SMO，WEKA中的顺序最小优化答案

【问题标题】：SMO,Sequential Minimal Optimization in WEKASMO，WEKA中的顺序最小优化
【发布时间】：2012-03-16 03:17:08
【问题描述】：

我是 Weka 的新手。我想在 WEKA 中使用顺序最小优化。谁能告诉我如何进行？这是我的 Java 代码，但它不起作用：

public class SVMTest {
public void test(File input) throws Exception{
File tmp = new File("tmp-file-duplicate-pairs.arff");
String path = input.getParent();
//tmp.deleteOnExit();
////removeFeatures(input,tmp,useType,useNames, useActivities, useOccupation,useFriends,useMailAndSite,useLocations);
Instances data = new weka.core.converters.ConverterUtils.DataSource(tmp.getAbsolutePath()).getDataSet();
data.setClassIndex(data.numAttributes() - 1);
Classifier c = null;        
String ctype = null;
boolean newmodel = false;

ctype ="SMO";
c = new SMO();
String[] options = {"-M"};
c.setOptions(options);
c.buildClassifier(data);
newmodel = true;
//c = loadClassifier(input.getParentFile().getParentFile(),ctype);
if(newmodel)
    saveModel(c,ctype, input.getParentFile().getParentFile());
Evaluation eval = new Evaluation(data);
eval.crossValidateModel(c, data, 10, new Random(1));

System.out.println(c);
System.out.println(eval.toSummaryString());
System.out.println(eval.toClassDetailsString());
System.out.println(eval.toMatrixString());

tmp.delete();
}
 private static void saveModel(Classifier c, String name, File path) throws Exception {

ObjectOutputStream oos = null;
try {
    oos = new ObjectOutputStream(
            new FileOutputStream(path.getAbsolutePath()+"/"+name+".model"));
} catch (FileNotFoundException e1) {
    e1.printStackTrace();
} catch (IOException e1) {
    e1.printStackTrace();
}
oos.writeObject(c);
oos.flush();
oos.close();

 }
}

我想知道如何提供.arff 文件？
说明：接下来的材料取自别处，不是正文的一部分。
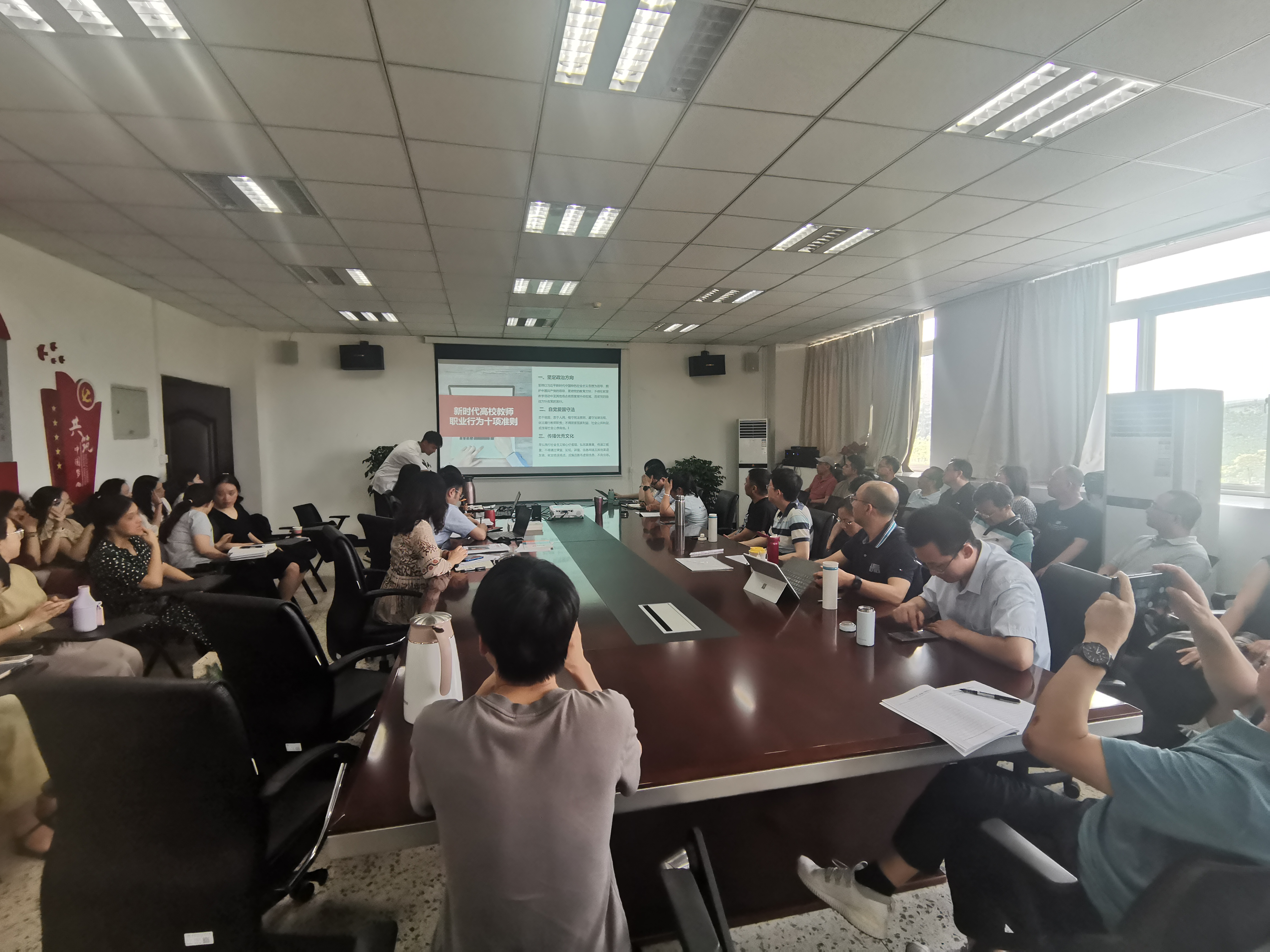 为进一步加强学院教师队伍建设,2024年5月23日下午,学院组织开展《新时代高校教师职业行为十项准则》专题培训学习。本次培训学习由教学副院长主持,学院全体教师参与培训。培训现场首先,教学副院长带领全体教师学习《新时代高校教师职业行为十项准则》,包括:坚定政治方向、自觉爱国守法、传播优良文化、潜心教书育人…[详细] 2024年05月24日

我的数据集是 XML 文件的形式。

【问题讨论】：

您创建SMO 的实例并将其用于交叉验证。如果这是您想要的（实际上不是分类），那么您的 SMO 是可以的并且标题是错误的。否则，请更清楚地说明您的问题：您在分类、文件转换、从 XML 读取或什么方面有问题吗？还要描述什么是 tmp 和 input 文件以及您认为它不起作用的原因 - 您是否遇到异常、错误行为或您的代码没有被编译。
我的问题是 SMO 的分类，而不是 SMO 的交叉验证。我认为 SMO 是顺序最小优化。不是吗？
SMO 是您需要的，但您根本没有对实例进行分类 - 您评估分类器。要对实例进行分类，您需要 classifyInstance() 方法。有关详细信息，请参阅 [文档](weka.wikispaces.com/… 实例)。并阅读更多关于分类本身的信息，现在你是在盲目地这样做。

标签： java weka svm

【解决方案1】：

您可以从以下行读取输入文件：

Instances training_data = new Instances(new BufferedReader(
        new FileReader("tmp-file-duplicate-pairs.arff")));
training_data.setClassIndex(training_data.numAttributes() - 1);

【讨论】：

【解决方案2】：

我想你现在已经想通了，但如果它对其他人有帮助，有一个关于它的 wiki 页面：

http://weka.wikispaces.com/Text+categorization+with+WEKA

要使用 SMO，假设您有一些火车实例“trainset”和一个测试集“testset” 构建分类器：

            // train SMO and output model
            SMO classifier = new SMO();
            classifier.buildClassifier(trainset);

例如使用交叉验证来评估它：

    Evaluation eval = new Evaluation(testset);
    Random rand = new Random(1); // using seed = 1
    int folds = 10;
    eval.crossValidateModel(classifier, testset, folds, rand);

然后 eval 保存所有统计数据等。

【讨论】：